The project identified and codified essential quantum cryptography knowledge components using first-order logic, developed a concept hierarchy for quantum cryptography, and gamified problems based on the concepts. We also devised algorithms to embed these problems into the chosen QuaSim game assets to provide a coherent gaming experience to the players. Starting from basic concepts such as programming qubits by orienting photons, bases, superposition, measurement, transmission, and reception of qubits to multi-player BB84 quantum key distribution protocol including attacks by an eavesdropping player were developed using this approach. The multi-player version of QuaSim allows three players (Alice, Bob and Eve) to work on exchanging a secret key using the quantum BB84 protocol, each working on a separate machine while sharing a common virtual play space.

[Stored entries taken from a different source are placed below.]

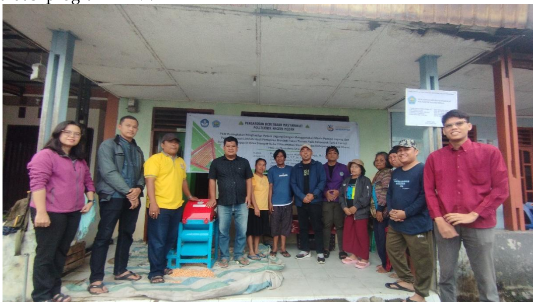
Gambar 7. Foto Bersama Tim PKM dan Mitra

Metode penelitian tindakan partisipasi (PKM) digunakan untuk melaksanakan PKM. Metode ini menyadarkan masyarakat tentang potensi dan masalah yang ada melalui partisipasi atau keterlibatan mereka dalam kegiatan perubahan. Dalam pelaksanaan program PKM Peningkatan Penghasilan Petani Jagung dengan Menggunakan Mesin Pemipil Jagung dan Pemberdayaan Limbah Hasil Pemipilan Menjadi Pakan Ternak Kelompok Tani Suruhen Simpogos di Desa Siempat Rube II Kabupaten Pakpak Bharat Provinsi Sumatera Utara dilaksanakan melalui beberapa tahapan yakni tahap indentifikasi masalah melalui observasi lapangan kemudian dilanjutkan dengan tahapan perencanaan program, dilanjut dengan pelaksanaan program serta yang terakhir adalah tahap evaluasi program PKM.
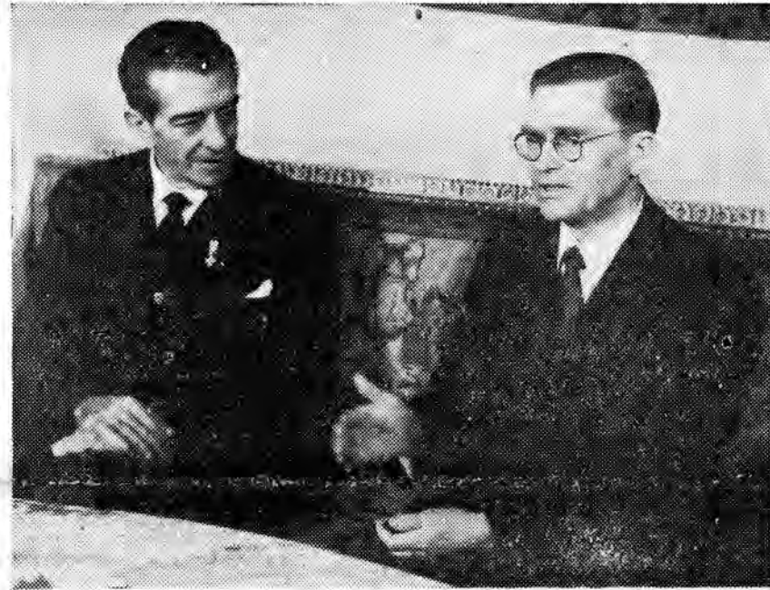
W pierwszym dniu pobytu w Warszawie (1. IV. br.) prezydent Meksyku, Adolfo Lopez Mateos złożył wizytę w Belwederze przewodniczącemu Rady Państwa, Aleksandrowi Zawadzkiemu.

Stąd też w dowód wdzięczności i uznania dla pracy Jednostki KBW społeczeństwo Rzeszowszczyzny w 18. rocznicę powstania KBW funduje swoim żołnierzom sztandar. Najbliższą sobota i niedziela będą dniami głównych uroczystości. Obchody 18-lecia KBW zainauguruje 6 bm. uroczysta akademicka, w której oprócz przedstawicieli władz partyjnych i państwowych oraz wojska weźmie także liczny udział społeczeństwo naszego miasta. W części artystycznej wystąpi z bogatym programem Zespół Pieśni i Tańca KBW.
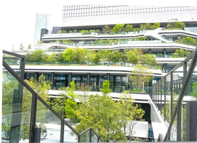
②955. 2024.4.23. 入替町タワー-全体
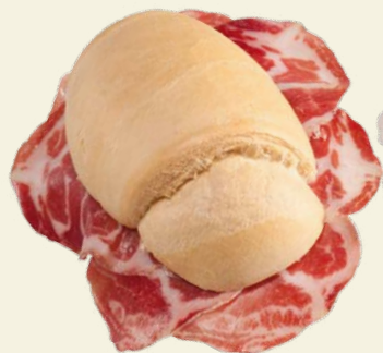
Coppa Piacentina DOP
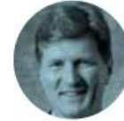
ENRIQUE DE LA MADRID
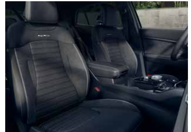
GT-PlusLine Premium suède/kunstleder, zwart. Voor nog meer luxe, upgrade naar het zwart kunstlederen stoelen met gewatteerd ontwerp over de breedte van het zitkussen en de rugleuning samen met een combinatie van suède kussens. Met contrasterende witte stiksels en witte biezen plus een GT-Line logo in reliëf. Portierbekleding in soft-touch, suède binnenpanelen, suède/kunstlederen bekleding op de armleuningen en zwarte hemelbekleding maken dit interieur compleet.

Furthermore, QuaSim is a media-rich 3D game that employs audio and video narrations, embedded quizzes, exercises, as well avatars to aid players in different scenarios.

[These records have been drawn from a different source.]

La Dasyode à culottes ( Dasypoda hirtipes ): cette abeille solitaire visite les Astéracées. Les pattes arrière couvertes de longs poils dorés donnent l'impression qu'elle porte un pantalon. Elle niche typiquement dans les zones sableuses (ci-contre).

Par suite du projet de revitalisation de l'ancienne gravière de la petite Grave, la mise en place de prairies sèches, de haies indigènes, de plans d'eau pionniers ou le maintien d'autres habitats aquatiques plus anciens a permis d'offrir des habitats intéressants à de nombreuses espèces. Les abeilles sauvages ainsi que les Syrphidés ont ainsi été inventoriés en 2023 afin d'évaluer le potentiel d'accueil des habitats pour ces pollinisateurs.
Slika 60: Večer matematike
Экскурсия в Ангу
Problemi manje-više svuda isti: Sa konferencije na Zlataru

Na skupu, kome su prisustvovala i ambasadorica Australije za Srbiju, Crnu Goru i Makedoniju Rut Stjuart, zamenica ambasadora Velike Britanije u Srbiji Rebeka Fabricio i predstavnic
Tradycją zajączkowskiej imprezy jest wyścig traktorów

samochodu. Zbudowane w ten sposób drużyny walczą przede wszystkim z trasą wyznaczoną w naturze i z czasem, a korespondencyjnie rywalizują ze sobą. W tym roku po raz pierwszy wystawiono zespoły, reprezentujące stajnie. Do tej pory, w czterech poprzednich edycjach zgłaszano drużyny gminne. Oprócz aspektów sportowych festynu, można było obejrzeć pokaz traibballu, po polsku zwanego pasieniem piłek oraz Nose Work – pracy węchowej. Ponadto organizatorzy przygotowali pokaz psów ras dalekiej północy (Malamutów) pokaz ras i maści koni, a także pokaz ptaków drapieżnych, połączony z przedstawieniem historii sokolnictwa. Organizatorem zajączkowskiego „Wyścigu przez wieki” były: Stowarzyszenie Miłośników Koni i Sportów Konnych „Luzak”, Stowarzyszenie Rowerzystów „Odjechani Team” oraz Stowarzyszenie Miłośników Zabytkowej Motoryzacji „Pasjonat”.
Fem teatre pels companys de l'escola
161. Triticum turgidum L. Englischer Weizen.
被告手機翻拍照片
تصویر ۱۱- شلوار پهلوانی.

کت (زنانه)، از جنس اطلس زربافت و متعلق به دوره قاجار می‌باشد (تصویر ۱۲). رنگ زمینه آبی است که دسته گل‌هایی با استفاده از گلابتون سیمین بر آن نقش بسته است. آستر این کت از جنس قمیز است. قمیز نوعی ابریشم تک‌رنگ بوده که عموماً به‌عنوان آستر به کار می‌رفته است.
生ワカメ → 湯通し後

Through this project, we also developed framework to instrument QuaSim to collect data on-the-fly about user interactions with problems and game elements and analyzed the data to dynamically adapt the play scenarios. QuaSim records a variety of data such as player use of narrations, performance in tests and quizzes, chats, number of attempts and time taken to solve a problem as well as fine-grained spatial data such as player coordinates, rotation to determine their orientation as well as the use of first and third person views. The data were analyzed to identify player clusters and group them into categories such as hint-seeking, guess-and-check, proficient, players and adapt QuaSim accordingly. Achieving concept proficiency while maintaining user engagement is one of the core tenets of a serious game such as QuaSim. A novel metric combining concept freshness for player engagement while minimizing the time to completion of all scenarios to achieve concept proficiency was developed and used in QuaSim and used to suggest next best scenarios for players in the game. This mechanism was incorporated into QuaSim in automatic, on-demand hint modes in QuaSim to study its effectiveness across different user groups. QuaSim has been used to train over 250 students in quantum computing and cryptography.

While serious games, such as QuaSim, have shown great success in cybersecurity, their applicability has been to a limited audience since not everyone is used to a gaming environment and may even feel uncomfortable in it. As a result, integrating serious games into a traditional classroom has remained a serious challenge.

Intelligent Platforms for Quantum Computing and Cryptography Education

I am currently working on a new adaptive platform, Galore, that combines the strengths of traditional classroom learning teaching with serious games in a seamless manner. Built on the theory of learning objects and Kolb’s experiential learning, Galore allows an educator to create learning objects for different concepts (test case is quantum computing). These learning objects are then instrumented with metadata that allows Galore to search for these objects based on interactivity level, learning preferences such as text, example, widgets, simulations, quizzes or game snippets and automatically synthesizes a family of lesson plans for students. Students log into the system by providing their background information and learning objectives they would like to achieve. Galore then uses a learning object dependency graph to retrieve appropriate learning objects from the learning objects repository and produces lesson plans using interactive Jupyter notebooks as front end. Game snippets are new learning objects that have small focused 2–3-minute game scenarios built into the flow of the lesson plan and aim to provide hands-on lab like environments. No such integration has ever been done before. Galore monitors student performance and may suggest corrective measures by presenting newly retrieved learning objects to students.